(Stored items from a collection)

• • • • • • •

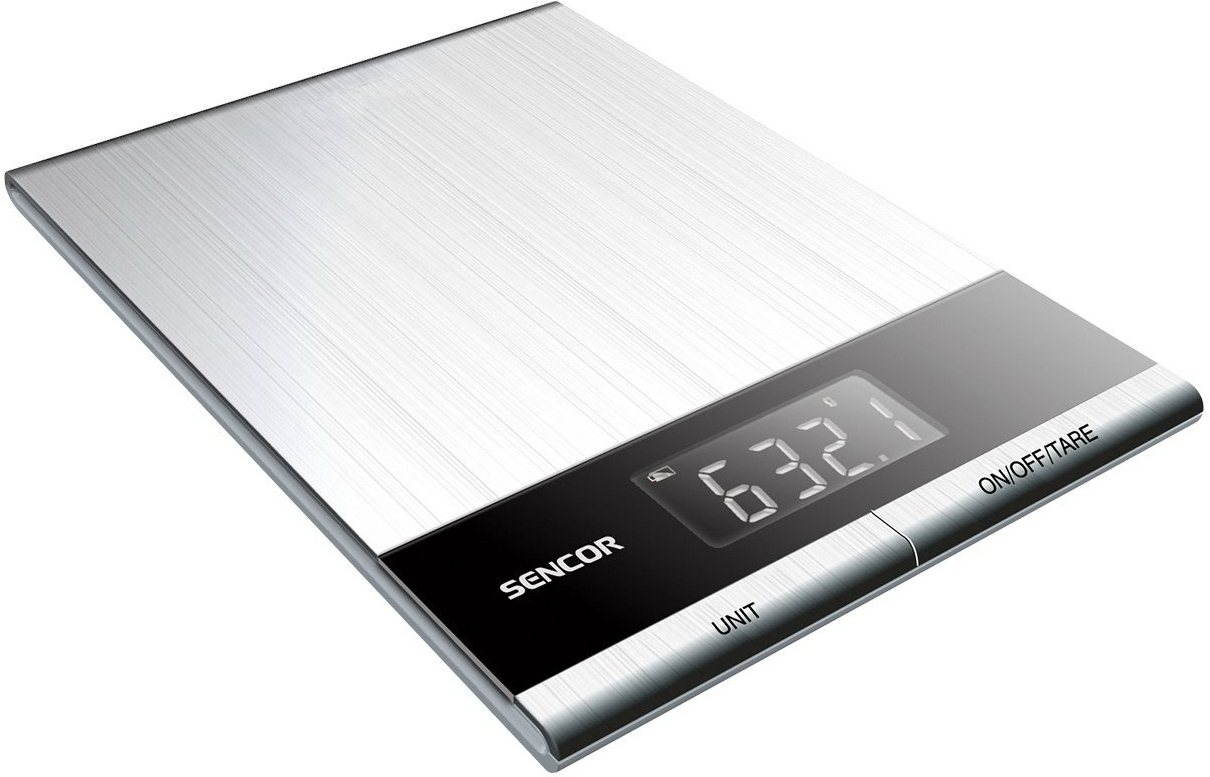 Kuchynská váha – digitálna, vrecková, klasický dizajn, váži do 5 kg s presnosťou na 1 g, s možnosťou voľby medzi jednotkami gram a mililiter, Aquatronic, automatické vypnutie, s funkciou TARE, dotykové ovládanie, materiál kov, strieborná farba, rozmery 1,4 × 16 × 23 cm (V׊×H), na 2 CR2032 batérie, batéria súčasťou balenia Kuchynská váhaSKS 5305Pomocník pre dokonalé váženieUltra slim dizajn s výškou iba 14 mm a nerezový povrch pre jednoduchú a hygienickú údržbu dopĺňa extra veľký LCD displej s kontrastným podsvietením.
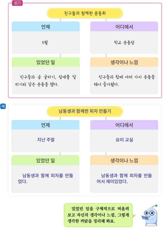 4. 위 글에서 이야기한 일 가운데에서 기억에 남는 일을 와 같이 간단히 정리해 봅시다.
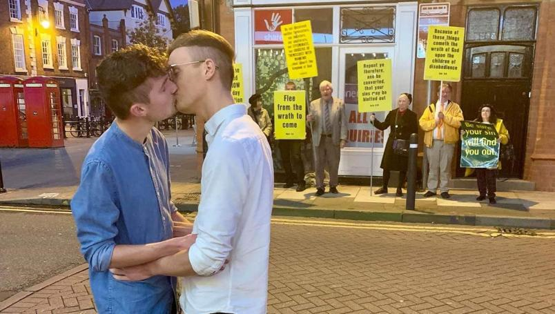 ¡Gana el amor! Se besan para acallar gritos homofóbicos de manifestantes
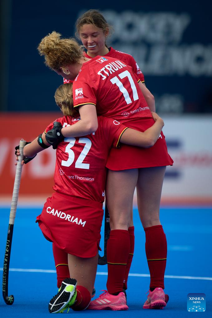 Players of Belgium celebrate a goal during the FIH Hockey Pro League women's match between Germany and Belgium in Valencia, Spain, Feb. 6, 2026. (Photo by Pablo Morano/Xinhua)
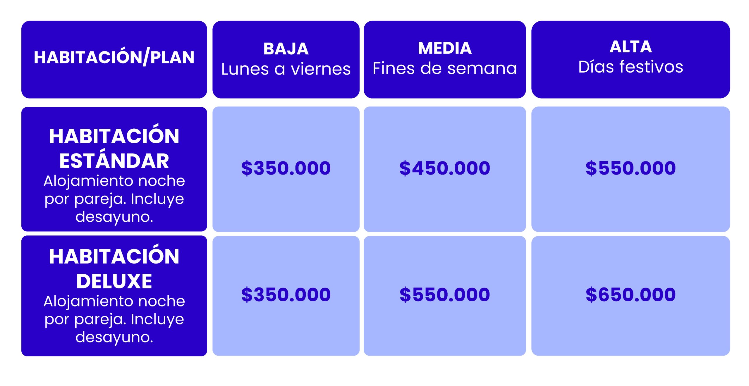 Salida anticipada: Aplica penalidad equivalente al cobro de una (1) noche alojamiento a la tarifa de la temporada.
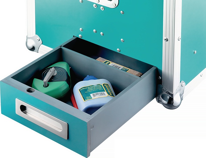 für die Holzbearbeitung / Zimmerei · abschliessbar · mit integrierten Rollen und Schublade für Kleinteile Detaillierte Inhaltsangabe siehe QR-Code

• • • • • • •

From the first line of the records through the line with "Salida anticipada: Aplica", reproduce each line exactly and leave the pictures out.

== Problem solution ==
 Kuchynská váha – digitálna, vrecková, klasický dizajn, váži do 5 kg s presnosťou na 1 g, s možnosťou voľby medzi jednotkami gram a mililiter, Aquatronic, automatické vypnutie, s funkciou TARE, dotykové ovládanie, materiál kov, strieborná farba, rozmery 1,4 × 16 × 23 cm (V׊×H), na 2 CR2032 batérie, batéria súčasťou balenia Kuchynská váhaSKS 5305Pomocník pre dokonalé váženieUltra slim dizajn s výškou iba 14 mm a nerezový povrch pre jednoduchú a hygienickú údržbu dopĺňa extra veľký LCD displej s kontrastným podsvietením.
 4. 위 글에서 이야기한 일 가운데에서 기억에 남는 일을 와 같이 간단히 정리해 봅시다.
 ¡Gana el amor! Se besan para acallar gritos homofóbicos de manifestantes
 Players of Belgium celebrate a goal during the FIH Hockey Pro League women's match between Germany and Belgium in Valencia, Spain, Feb. 6, 2026. (Photo by Pablo Morano/Xinhua)
 Salida anticipada: Aplica penalidad equivalente al cobro de una (1) noche alojamiento a la tarifa de la temporada.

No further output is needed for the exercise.